SUMMERY OF THE UTILITY MODEL

In view of this, the embodiment of the present invention is expected to provide a deformation sensor and device for measuring the load of a vehicle hub, and an automobile, which can rapidly and dynamically acquire the load of the vehicle, and is low in cost.

To achieve the above object, in a first aspect, an embodiment of the present invention provides a deformation sensor for measuring a load of a wheel hub of a vehicle, the deformation sensor includes:

a metal lining fixed to the surface of the hub;

a resistance strain gauge secured to the metal lining;

the resistance strain gauge is fixed on the metal lining sheet through structural adhesive.

In the above scheme, the metal lining is made of an aluminum alloy.
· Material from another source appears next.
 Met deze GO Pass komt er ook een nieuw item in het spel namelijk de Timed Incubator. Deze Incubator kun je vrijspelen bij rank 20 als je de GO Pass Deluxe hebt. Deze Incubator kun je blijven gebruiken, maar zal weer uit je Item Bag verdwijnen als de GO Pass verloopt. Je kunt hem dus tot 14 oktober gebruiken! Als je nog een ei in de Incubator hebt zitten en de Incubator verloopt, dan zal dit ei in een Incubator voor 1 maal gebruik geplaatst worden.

In the above scheme, the resistance strain gauge is a full-bridge resistance strain gauge.

In the above scheme, the structural adhesive is sealing silica gel.

In a second aspect, an embodiment of the present invention provides an apparatus for measuring a load of a wheel hub of a vehicle, the apparatus including a differential amplifier circuit, a processing component, and any one of the above deformation sensors; the input end of the differential amplification circuit is connected with the deformation sensor, and the output end of the differential amplification circuit is connected with the processing component.
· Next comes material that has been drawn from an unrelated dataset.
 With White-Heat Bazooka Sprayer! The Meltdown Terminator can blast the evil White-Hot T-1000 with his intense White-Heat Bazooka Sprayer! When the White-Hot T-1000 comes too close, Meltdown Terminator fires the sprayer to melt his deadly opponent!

In the above scheme, the processing Unit is a Micro Control Unit (MCU).

In the above scheme, the device further comprises a communication component for externally sending the data processed by the MCU, and the communication component is connected with the MCU.

In the above scheme, the communication component includes a Radio Frequency (RF) element.

In a third aspect, embodiments of the present invention further provide a wheel assembly for a vehicle, the wheel assembly comprising a wheel hub, a tire, and any one of the above-described devices for measuring a load on a wheel hub of a vehicle; a deformation sensor in the device is arranged on the outer circumferential surface of a rim of the hub, and the tire is arranged on the hub and covers the deformation sensor.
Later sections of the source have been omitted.